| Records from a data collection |
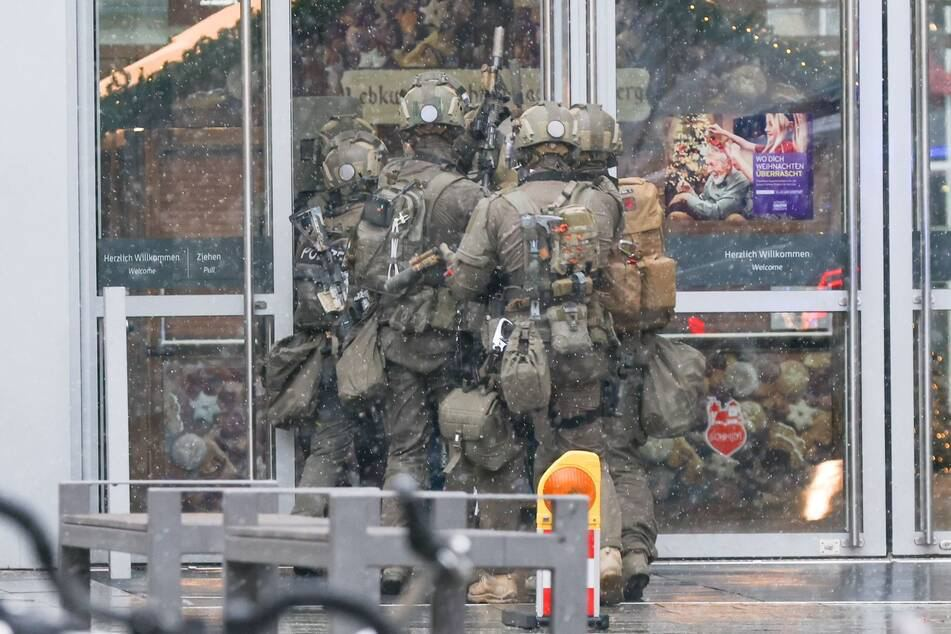 Пізніше злочинець проник у торговий центр і забарикадувався у підсобці аптеки. Попередньо він міг взяти кількох людей у заручники.
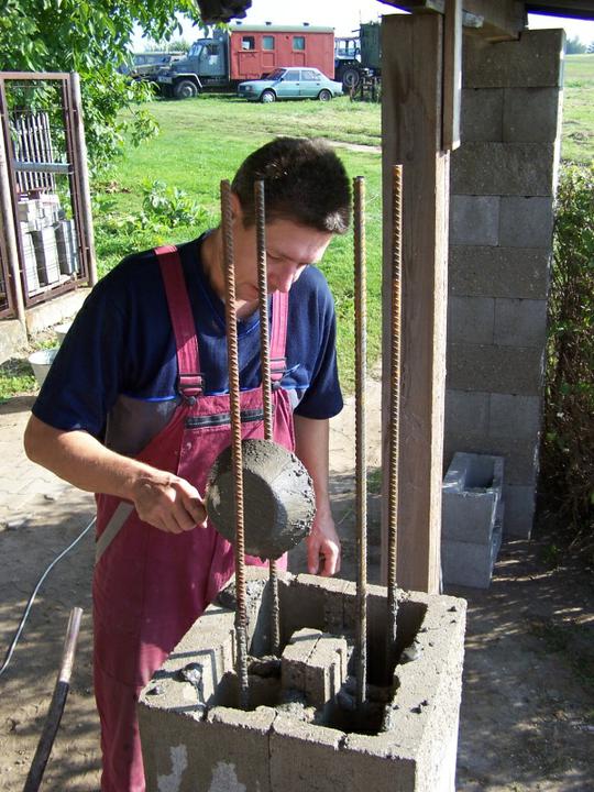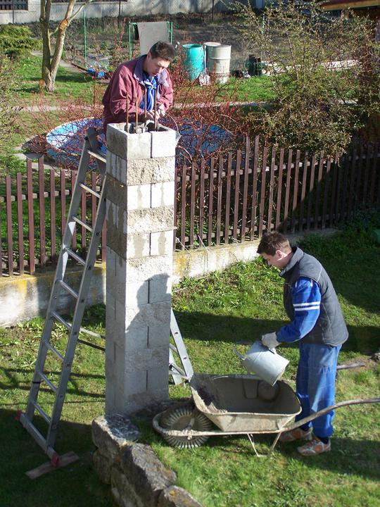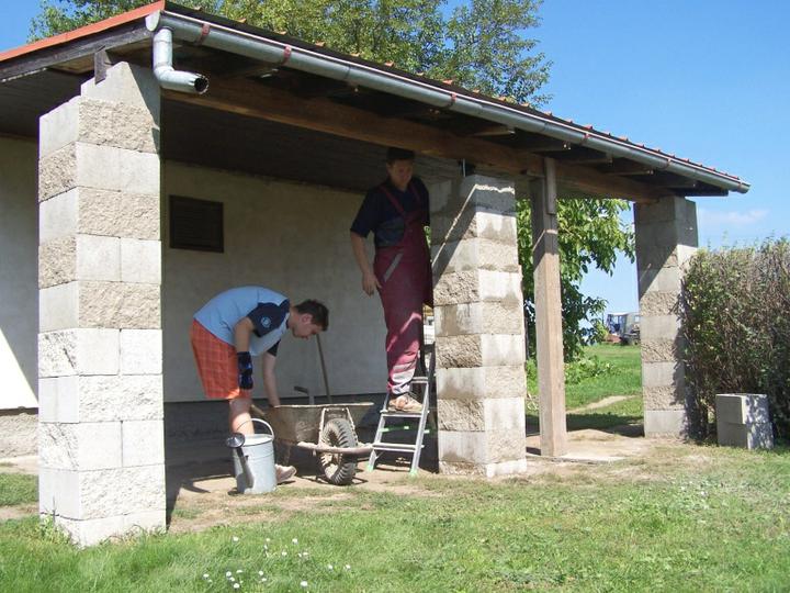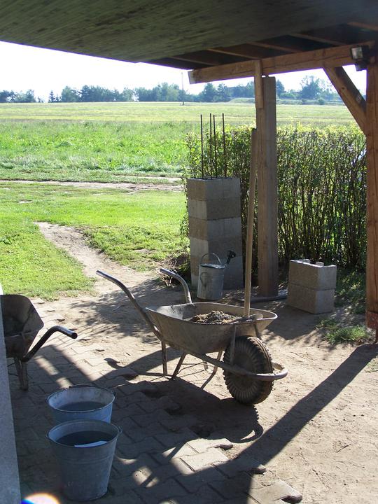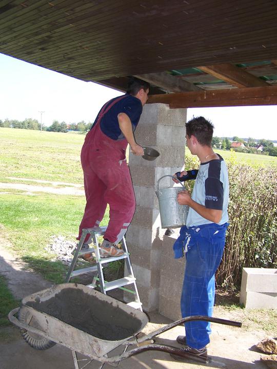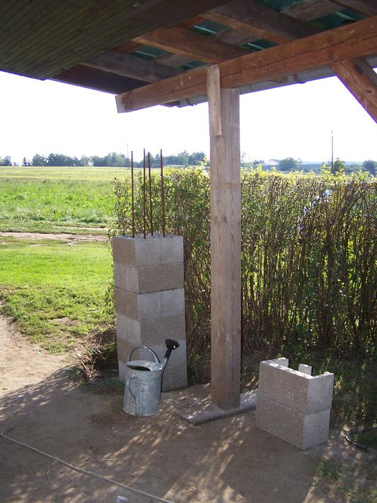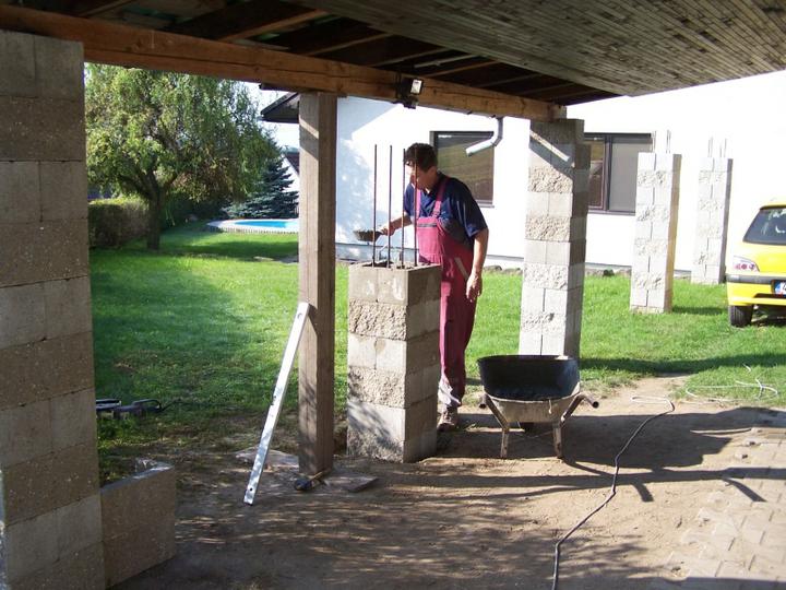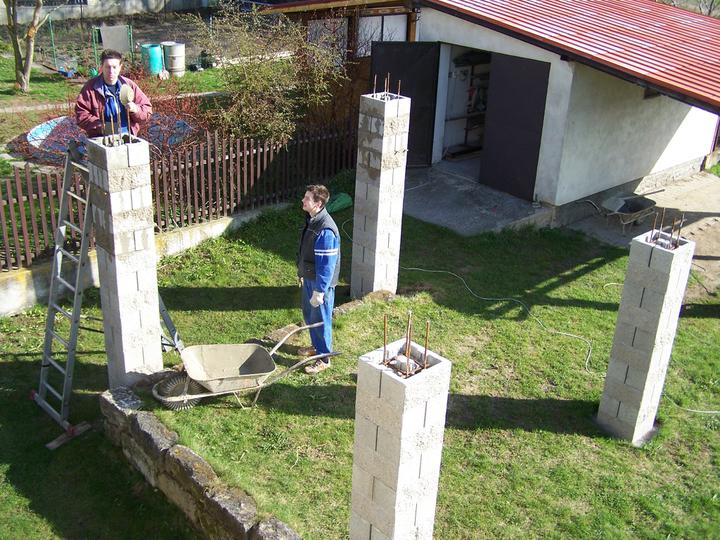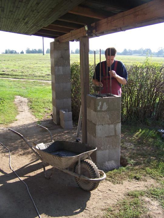 11.-12.9.10 Výměna starých sloupů za nové (2. část), všechny sloupy stejné, zděné. Hotovo, čeká se na tesaře
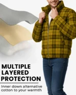 Make a bold statement this winter with the Wood Plaid Checkered Winter Puffer for Men. This eye-catching jacket combines classic plaid styling with modern puffer technology, creating a piece that’s equal parts fashion-forward and functional for cold weather.
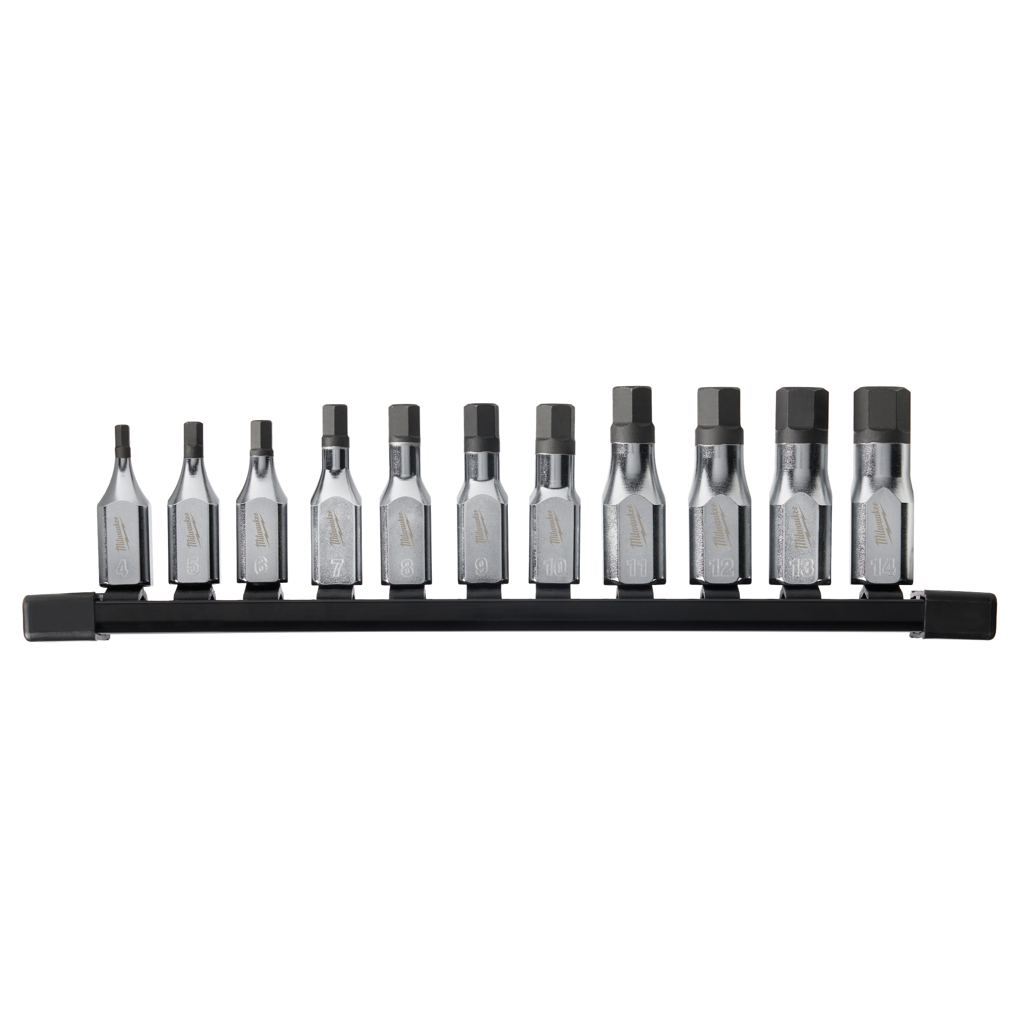 The MILWAUKEE® 11PC 3/8″ Drive Metric Hex Bit Socket Set with FOUR FLAT™ sides is designed from the ground up to be part of the most versatile socket family. Milwaukee® bit sockets feature an innovative design with four parallel flat sides, which deter rolling and are wrench-compatible. This also creates a slim profile to provide the best access in tight spaces. The one-piece socket design offers improved durability compared to two-piece designs by eliminating the risk of the bit separating from the socket base. This set includes a storage rail for better organization. Laser engraved size markings provide easy identification and chrome plating offers rust and corrosion protection. All Milwaukee® bit sockets are backed by a Lifetime Guarantee.
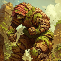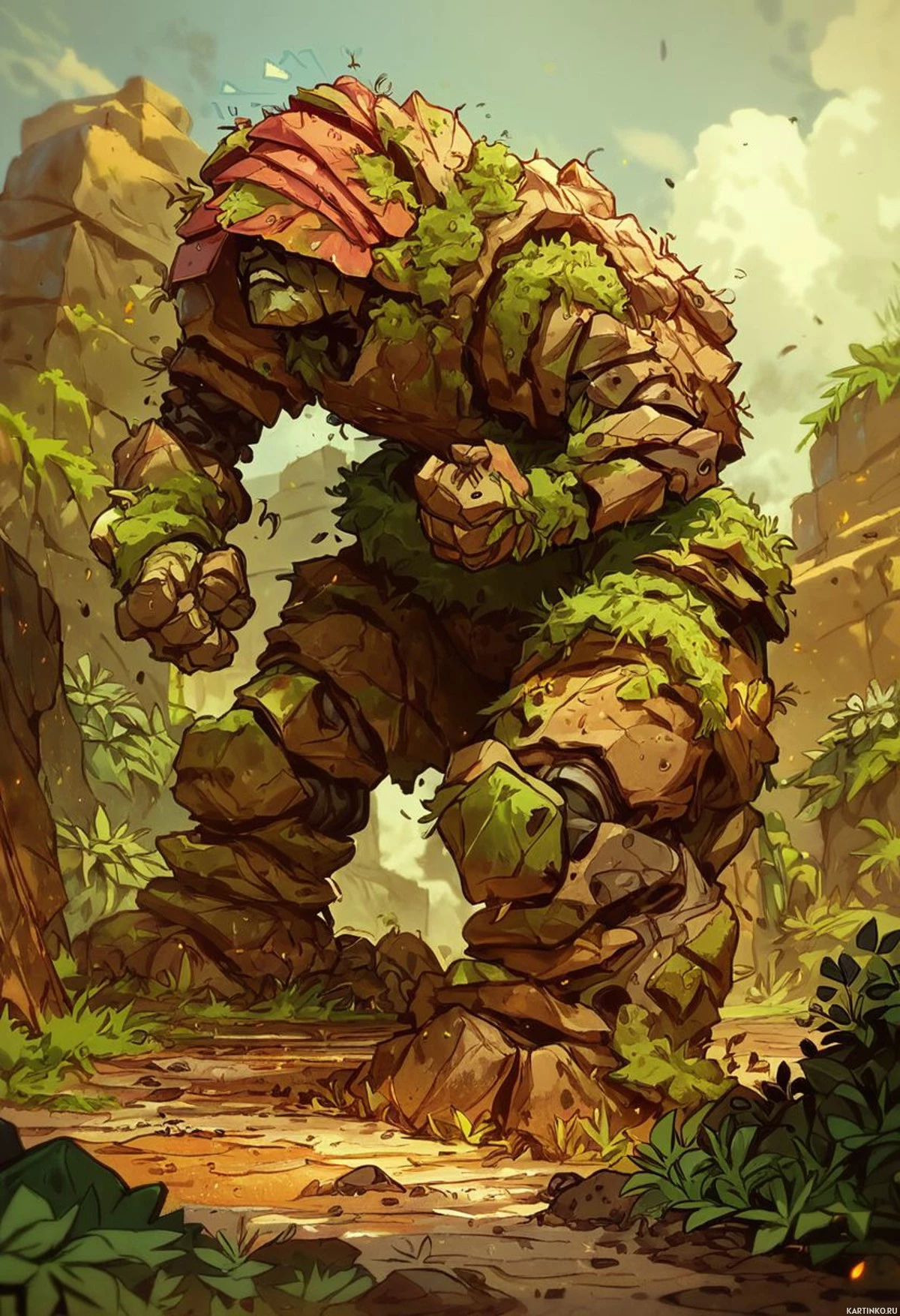 a fantasy setting. The golem appears to be made of stone or a similar material and has a large,

| Exercise goal |
Repeat only what lies between the start of the data and the end of the line containing "11.-12.9.10 Výměna starých", exactly, with pictures left out.

| Solved problem |
 Пізніше злочинець проник у торговий центр і забарикадувався у підсобці аптеки. Попередньо він міг взяти кількох людей у заручники.
 11.-12.9.10 Výměna starých sloupů za nové (2. část), všechny sloupy stejné, zděné. Hotovo, čeká se na tesaře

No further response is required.